Mia Couto - Bem, se eu fosse preso ou se prendesse a mim próprio seria um pouco o percurso inverso do Luandino. Eu quase que só me vejo criando nesse caos, nessa dispersão. Às vezes que eu tentei dizer assim "vou parar e vou me fechar para escrever", não aconteceu nada. Então penso que essa maneira de fragmentar o meu olhar pelas coisas diversas que faço acaba por ser essencial, como se fosse uma resposta, e que, quando chega a noite, eu tenho que pôr uma certa ordem naquele caos e essa ordem é a minha escrita, não vejo outra maneira. E, por outro lado, tenho medo de parar para escrever porque até tenho medo de que isso seja uma espécie de envelheci­ mento, para não dizer morte, eu tenho esse medo.

RC & TM - Mia Couto, como é que você pensa a relação entre jornalismo e literatura?

Mia Couto - Eu uso o jornalismo, digo "eu uso o jornalismo" e não diria que uso a literatura, mas uso o jornalismo como uma disciplina, como um instrumento de intervenção e quando eu pretendo fazer uma intervenção que seja de ordem ética, política etc. penso que essa é a forma mais imediata, mais eficaz de fazer uma intervenção num momento. Quando eu faço literatura, não é que esteja num terreno diferente, quer dizer, eu tenho as mesmas posturas políticas, morais, etc., mas penso que seria abusivo fazer com que isso surgis­ se em primeiro plano e eu tomasse evidente que estou simplesmente inventando uma história para fazer valer uma ideia ou um ponto de vista político ou moral. Eu devo fazer exatamente o oposto, saber contar história, saber encantar, saber ter uma relação de fascínio com os outros e simplesmente essa relação de fascínio ter um poder sedutor tal, que possa mover as pessoas para pensarem de uma maneira mais produtiva, mais interventiva.

RC & TM - Você define a biologia como uma indisciplina, o jornalismo é, hoje, um compromisso do cidadão. E para a literatura, você já encontrou alguma definição?

Mia Couto - Eu quase que tenho medo de me definir em relação à literatura. É como se fosse uma espécie de paixão primeira, é como se tivesse ali uma entidade que, se eu me declaro e se declaro como meu primeiro grande amor, me leva por uma estrada errada, eu não sou mais eu. Acho que estou fazendo um jogo de mentira ao mesmo tempo em que digo que a literatura está lá e eu a visito nos intervalos. Não acho que isso seja verdade, só que não lhe quero dar essa confiança. Tenho um certo medo de me entregar só a isso. Também há razões práticas. Eu não me vejo muito feliz se não trabalhar com pessoas, se não repartir meu cotidiano com uma equipe, com gente que me aborrece inteiramente durante o dia, mas que depois me dá um grande prazer ver uma coisa feita em grupo, em coletivo. E a escrita não é exatamente isso, eu tenho que me isolar, não posso escrever em grupo, se calhar eu posso... já pensei nisso.. mas acho que não resulta muito.

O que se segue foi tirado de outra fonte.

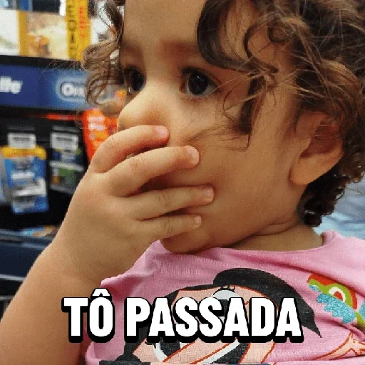 Menino pequeno com cabelo castanho e camiseta rosa, com a mão na boca e expressão surpresa, com o texto 'TÔ PASSADA' em letras brancas.

RC & TM - Você disse há pouco que não dá muita confiança à literatura. E a nós, você dá? Aos professores de literatura e aos críticos? Você lê (se a resposta for negativa, nós ficamos mais serenas) aquilo que se escreve sobre você? Procura acompanhar? Enfim, repercute de algum modo?

Mia Couto - Sim, leio e aprendo com isso. Há relações que são relações, como no caso de vocês duas, com pessoas com quem tenho amizade e profunda admiração. Quanto ao trabalho acadêmico, que é feito sobre a minha obra, não é que eu tenha uma relação má com esse texto crítico, não. Eu tenho uma relação má com a minha própria obra, vocês viram que eu tenho uma reticência a dizer "minha obra", tive que ganhar fôlego, porque não vejo a coisa assim. Vejo que estou fazendo textos que são tentativas para chegar a alguma coisa. Agora, mesmo quando são críticas duras e que me poderiam afetar negativamente, eu acho logo que têm razão e procuro sempre pensar que existe· uma tentativa de diálogo construtivo com aquilo que faço. O que peço do texto crítico é que ele também seja criativo e que tenha, no terreno do texto acadêmico, da ciência literária, da ciência que acompanha a literatura, a mesma criatividade que eu tentei colocar no texto, de maneira que haja um diálogo que não passe somente pelo saber e pelas questões técnicas.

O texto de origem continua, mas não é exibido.